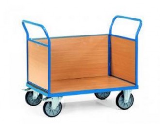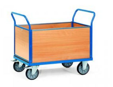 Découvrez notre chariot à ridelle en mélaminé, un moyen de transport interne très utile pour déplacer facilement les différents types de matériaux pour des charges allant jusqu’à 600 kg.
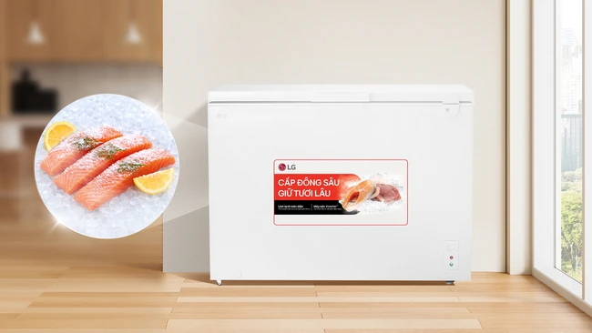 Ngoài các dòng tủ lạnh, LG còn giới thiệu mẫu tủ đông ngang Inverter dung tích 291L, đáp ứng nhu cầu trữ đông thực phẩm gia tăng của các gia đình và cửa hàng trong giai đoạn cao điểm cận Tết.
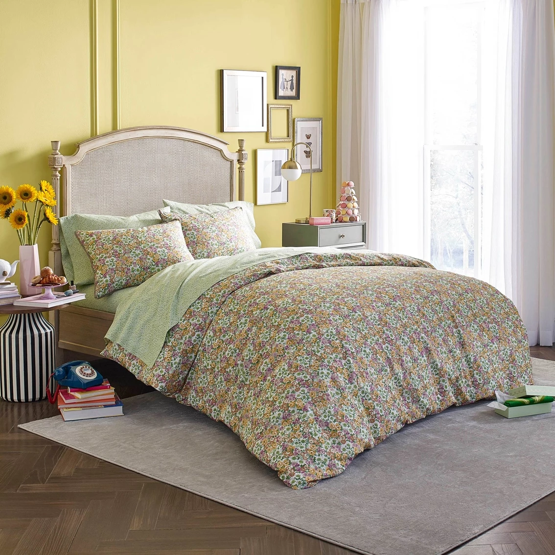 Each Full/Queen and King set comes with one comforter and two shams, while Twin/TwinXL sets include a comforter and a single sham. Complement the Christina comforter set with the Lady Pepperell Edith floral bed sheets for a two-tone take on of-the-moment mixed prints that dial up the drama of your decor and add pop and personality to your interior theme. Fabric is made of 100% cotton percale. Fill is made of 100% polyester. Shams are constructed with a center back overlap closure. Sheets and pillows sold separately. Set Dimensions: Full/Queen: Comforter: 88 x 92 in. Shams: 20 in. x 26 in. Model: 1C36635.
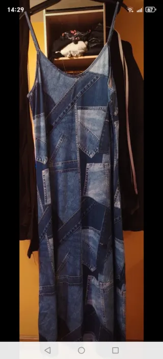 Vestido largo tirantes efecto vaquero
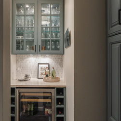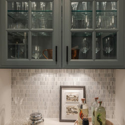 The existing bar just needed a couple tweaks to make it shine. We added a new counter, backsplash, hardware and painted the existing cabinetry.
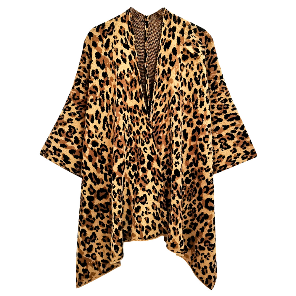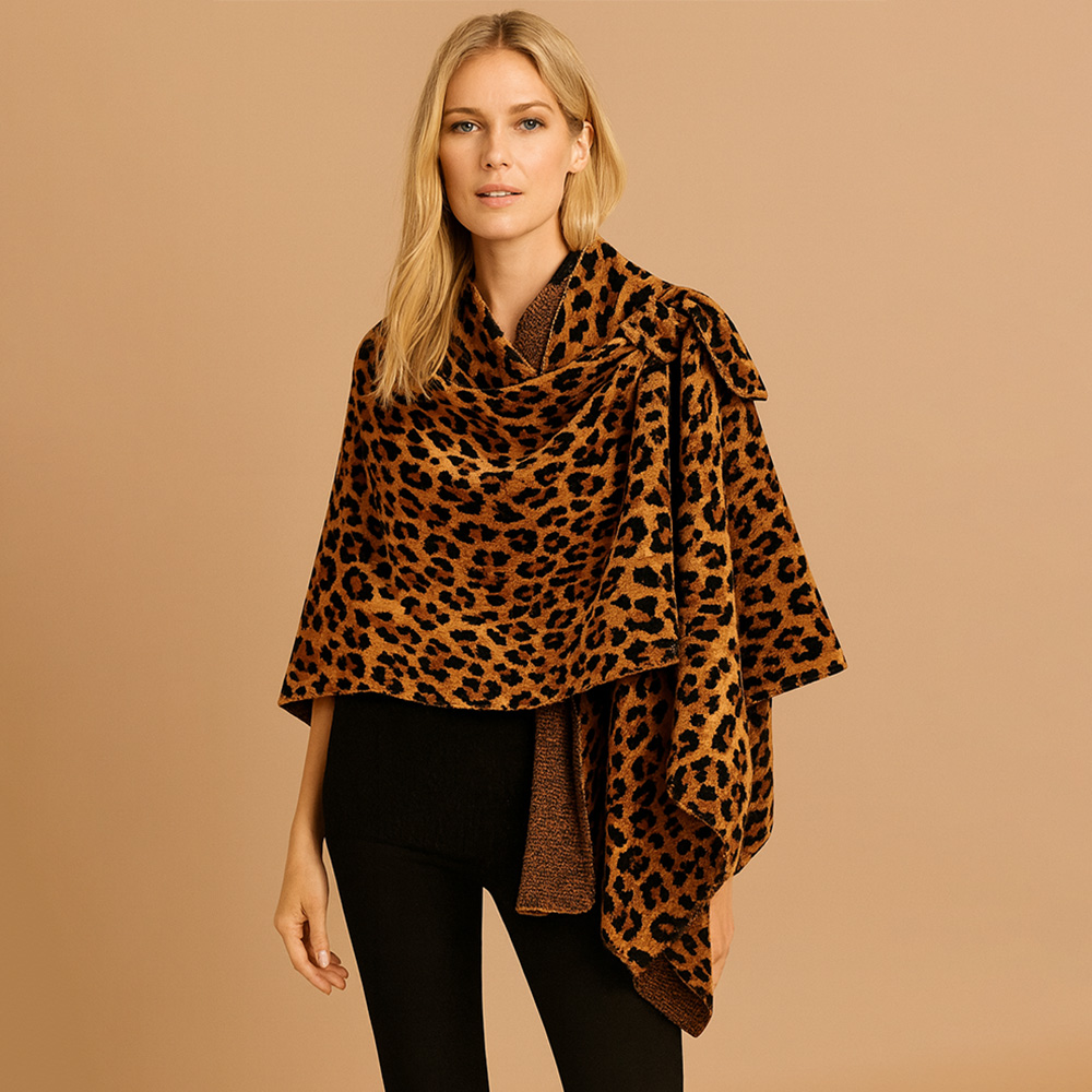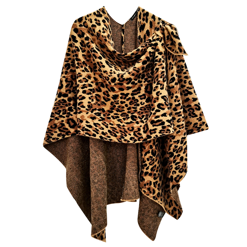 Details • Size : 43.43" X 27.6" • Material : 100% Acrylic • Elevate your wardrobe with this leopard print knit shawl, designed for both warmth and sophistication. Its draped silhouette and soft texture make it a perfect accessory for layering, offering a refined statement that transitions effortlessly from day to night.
§
Work instructions
Pictures in the entries do not go into the copy. Print only the lines starting at the one containing "Vestido largo tirantes efecto vaquero" and ending at the one containing "The existing bar", exactly as they appear.

Exercise output
 Vestido largo tirantes efecto vaquero
 The existing bar just needed a couple tweaks to make it shine. We added a new counter, backsplash, hardware and painted the existing cabinetry.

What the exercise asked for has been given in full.